Putting a finish on my projects has always troubled me.


----------



## Howie (May 25, 2010)

Show a pic when you are finished. That is one fine looking project.


----------



## MigWoodwork (Apr 22, 2013)

Tacoma07, 
that very much depends on the varnish itself. System 3 is ok but i would go for something nicer. The varnish i use is a true spar marine varnish and really expensive. Its the same we used to use on yachts but i think it is well worth it. IF you have a west marine store in your city, go there and have a look for epifanes. Expect to pay somewhere around 45$ for a quart. Make sure that you properly seal the wood first. Put on 2 coats thinned down 50% with mineral spirits. This will soak into the wood fibers and properly seal it. After you have 2 coats of that on, put on 2 full strength coats of varnish as mentioned earlier. Get a wide brush to cover a big area. Epifanes needs to dry 24h between coats and if it's not to hot you shouldnt have any trouble that the varnish dries on you


----------



## Loren (May 30, 2008)

You may want to try a "weenie roller" - a small diameter
disposable foam paint roller. The foam doesn't leave fibers in the finish.


----------



## MigWoodwork (Apr 22, 2013)

good idea but i would try to "tip it off" with a brush afterwards if you want a nice flat surface.


----------



## sgv (Mar 21, 2013)

Go to your nearest Sherwin Williams, they have the knowledge (I work for them) there are better products for what you are doing and they can give you the exact cut ratios, retarder, thinner,ect.

hope it helps


----------



## sgv (Mar 21, 2013)

Canoe looks great!!!


----------



## Handtooler (Jul 24, 2012)

That is a magnificent piece of work, ABSOLUTELY beautiful.

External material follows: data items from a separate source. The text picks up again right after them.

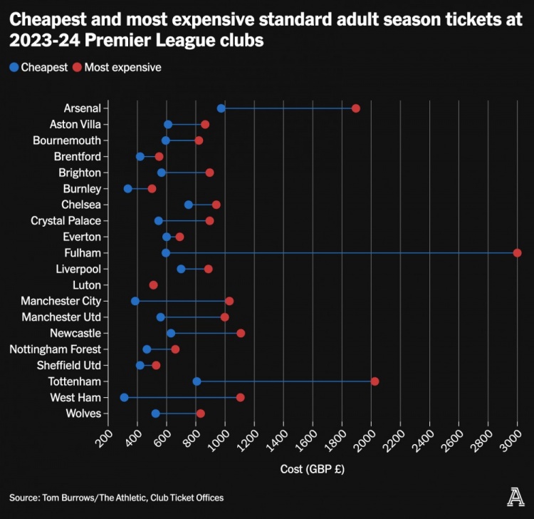 (圖片說明)23/24賽季各俱樂部英超成人票價(藍點為最低檔票價;紅點為最高檔票價)
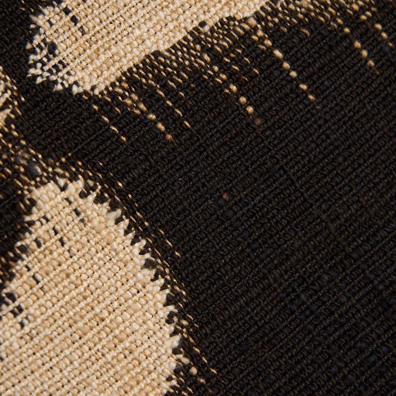 お太鼓の柄を境に、練色のベージュと黒で織り分けられていて、そのお太鼓の部分には抽象的なデザインのお花が元気の良い雰囲気ですくい織で表されています。
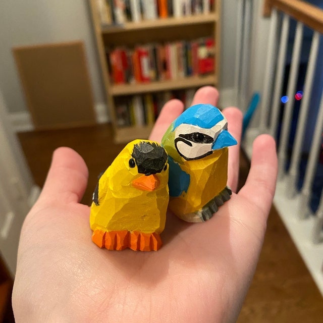 American Goldfinch Handmade Wood Figurine Miniature Yellow Bird Art Statue Carved Ornament Small Animals Collectible
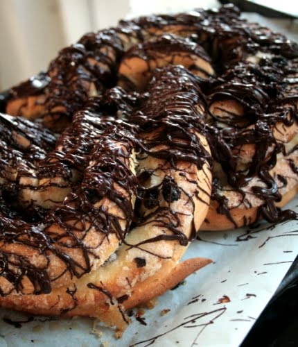 In the meantime, prepare the chocolate topping by melting the chocolate and butter in a bowl over boiling water. Once out of the oven, let the bread cool down a bit, place on a serving plate and drizzle with chocolate sauce.
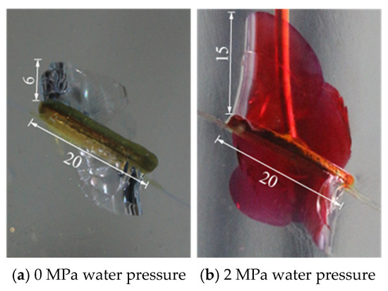 Secondly, the increase in water pressure delayed the initiation timing of the fin-like crack. Under the condition of no water or low water pressure, the fin-like cracks initiated rapidly on the upper and lower surfaces of the flaw. However, with the increase in the water pressure, the initiation timing was delayed. When the water pressure increased to 4 MPa, the fin-like cracks basically no longer initiated (Figure 5). It was analyzed that the water pressure in the crack partially offset the load borne by the surface of the hollow flaw and reduced the deflection deformation and tensile stress concentration on the upper and lower surfaces, which increased the axial load required for the initiation of the fin-like cracks.
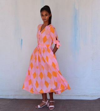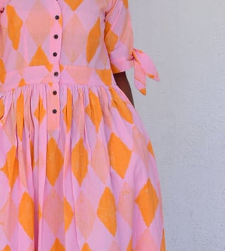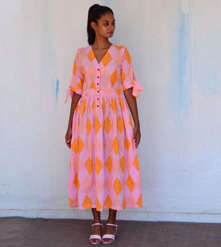 Step into ethereal beauty with this dress. It features captivating diamond prints. Crafted from soft cotton, it offers comfort and transforms you into a modern-day princess, embracing nature's poetry. Disclaimer: Product colour may slightly vary due to photographic lighting sources. Country of Origin - India.
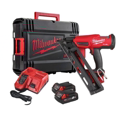 Milwaukee M18 FN15GA-202X 18V Fuel 15 Ga Angled Second Fix Finish Nailer with 2x 2.0Ah Batteries
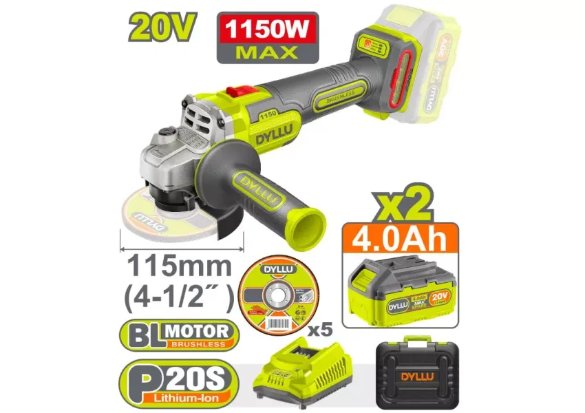 DYLLU DTLAPB522 — Մարտկոց Li-Ionային ԱԿՄ անխոզանակ շարժիչով, նախատեսված կտրելու, հղկելու և մաքրելու համար։ Աշխատում է 20 Վ Մարտկոց Li-Ionով, մաքուր հզորությունը մինչև 1150 Վտ, սկավառակի տրամագիծը՝ 115 մմ։ Պտույտների արագությունը կարգավորվում է 3000, 6000 և 9000 ռեժիմներով
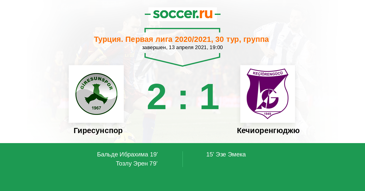 Протокол матча Гиресунспор против Кечиоренгюджю
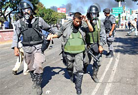 | | A wounded federal police officer was led away from a fierce street battle with leftist protesters in Oaxaca, Mexico, this month. (Luis J. Jimenez/Copley News Service | Oaxaca City, Mexico – Drug traffickers are fighting for control of the north. Radical leftists are fighting for control of the south. And some states, like Guerrero, which houses Acapulco, are in the clutches of both.
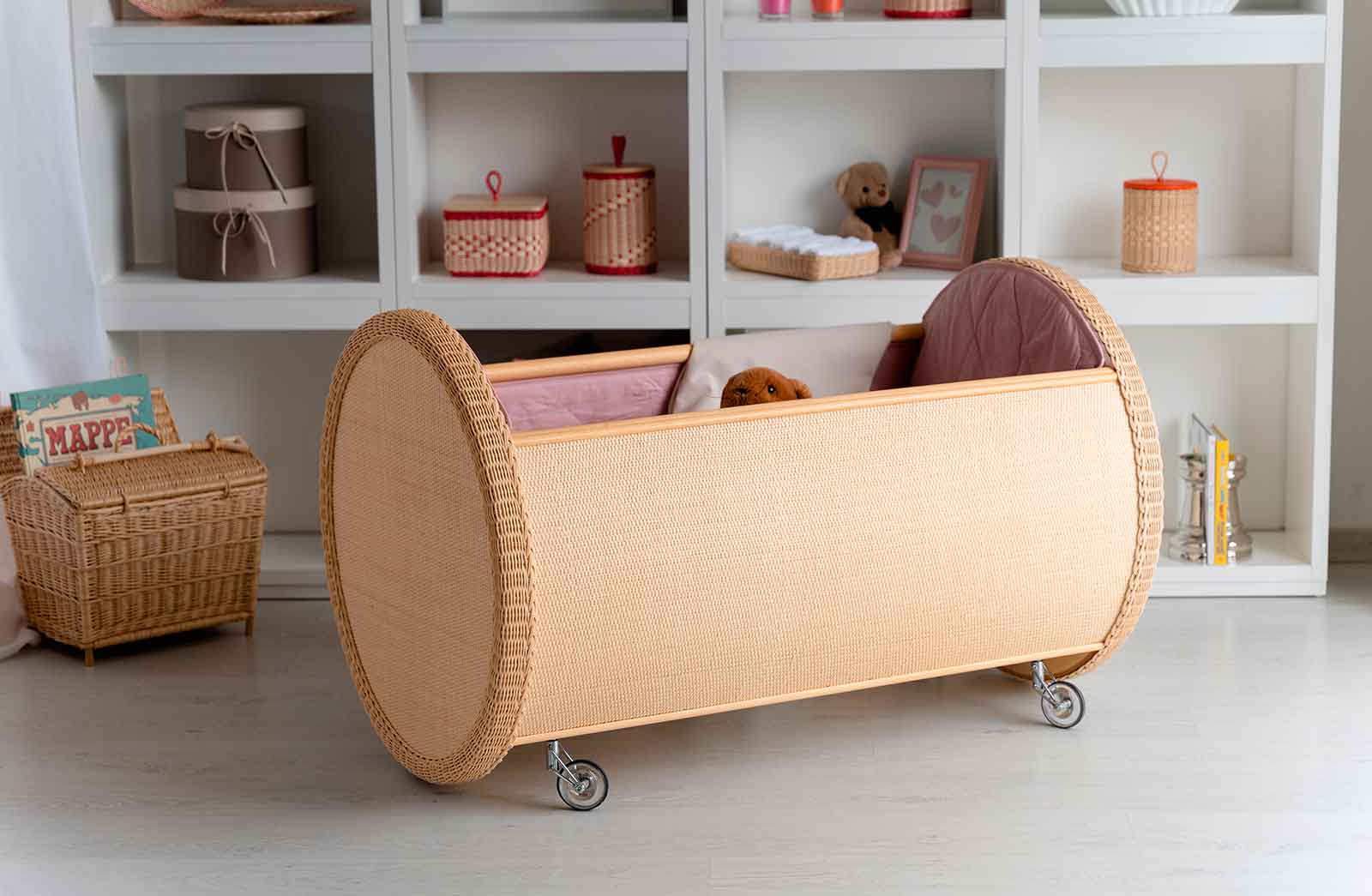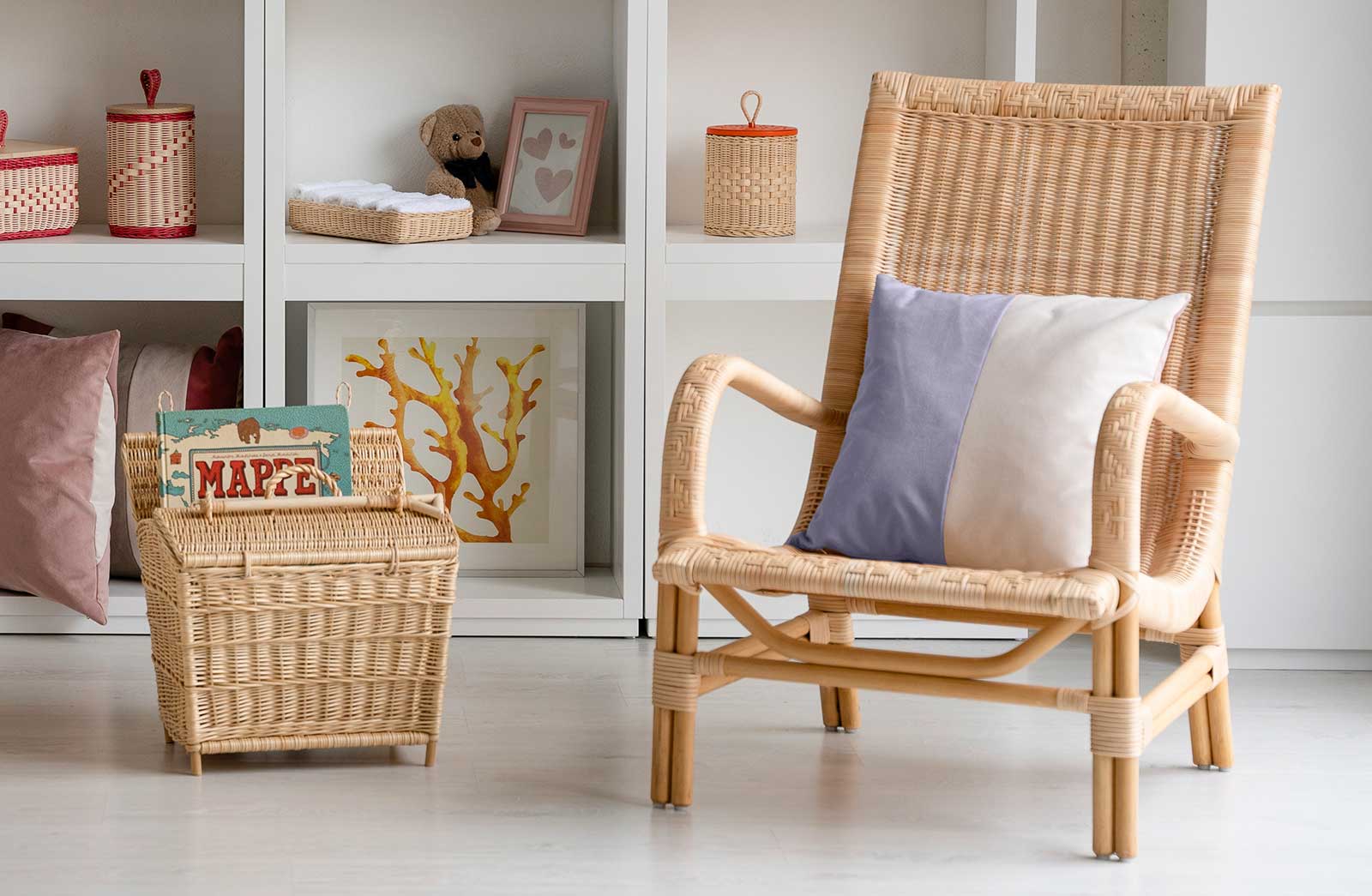 Nel nostro laboratorio lavoriamo principalmente il midollino, un materiale derivato dal giunco, insieme a tessuti biologici come il lino e il cotone. Utilizziamo anche rattan, vimini, corde e pelle. La nostra falegnameria dispone di una vasta selezione di legni pregiati, come teak golden burma, iroko, faggio e frassino, per le parti strutturali.

Many thanks all for all this great finishing knowledge. I'll certainly file this away in my feeble brain; then maybe I can recover it when the time arises


----------



## tacoma07 (Apr 19, 2013)

I was going to use epifanes but it was another 10 miles our of the way. I figured that system three which cost 40 must be as good as epifanes. Now i am going to bring it back. I would be a head case knowing that i could have had a better looking boat for a few extra miles.


----------



## tacoma07 (Apr 19, 2013)

I took a lot of pics as i was making this. To many to add them all on here so i will paste a link in case anyone wants to see some of the steps done. as of now i have both inwales on along with the scuppers. Working on the seat now and then i get to the varnish. Once i am done i will add a few pics in the projects area,

http://www.flickr.com/photos/[email protected]/sets/72157630847412616/


----------